Configuring the Spark Interpreter

The Spark interpreter is available starting in the 1.1 release of the MapR Data Science Refinery. It provides support for Spark Python, SparkR, Basic Spark, and Spark SQL jobs. To use the Spark interpreter for these variations of Spark, you must take certain actions, including configuring Zeppelin and installing software on your MapR cluster.

You must also issue your docker run command with the parameters the Spark interpreter requires. See the following material for details about these parameters:

Spark Python

You must install Python in your MapR cluster to run Python code with the Spark interpreter. You do not need to install it in your container since Spark runs in YARN cluster mode.

To use Python in the Spark interpreter, specify the following in your notebook:
%spark.pyspark

By default, this invokes Python 2. To switch Python versions, see Python Version.

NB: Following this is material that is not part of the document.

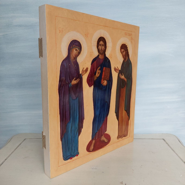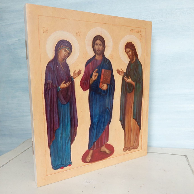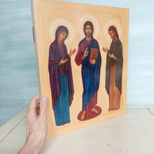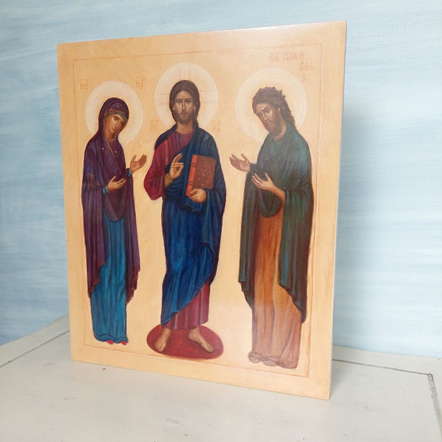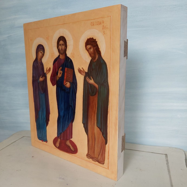 Ikona DEESIS (2023 r.) wzorowana synajską ikoną DEESIS z XII w., ze zbiorów Klasztoru św. Katarzyny. Deesis – modlitwa, prośba , usilna prośba, motyw temat kompozycyjny w ikonografii chrześcijańskiej. Maryja i Jan Chrzciciel, zwróceni do Jezusa w geście wstawienniczym za nami. Ikona wykonana w całości ręcznie, z użyciem tempery jajecznej na desce lipowej ze szpongami dębowymi, na jaskółczy ogon. Deska z płótnem, gruntowana 12 warstwami zaprawy klejowo kredowej przy użyciu tylko naturalnych składników.

To install custom Python packages, see Installing Custom Packages for PySpark. This also describes how to use Python 3 with custom packages.

NOTE Although the 1.3 release includes IPython with the Spark interpreter, MapR Data Science Refinery does not support this feature.

SparkR

The Zeppelin container includes R. Some Apache SparkR jobs require you to install R on your MapR cluster nodes to run these jobs in the Spark interpreter.

To use R in the Spark interpreter, specify the following in your notebook:
%spark.r

Spark Jobs

By default, the Spark interpreter is configured to submit Apache Spark jobs in YARN client mode. The interpreter does not support YARN cluster mode. Make sure you follow the steps described at Installing Spark on YARN to install Spark on your MapR cluster.

To run Spark jobs in parallel, you must modify the Spark interpreter to instantiate Per Note:

You can set scoped to either of the two options.

Hive Tables

To access Apache Hive tables using the Spark interpreter, you must make the hive-site.xml configuration file from your Hive cluster available to Spark running in your Zeppelin container. Follow the same steps that describe how to access Hive tables with the Livy interpreter.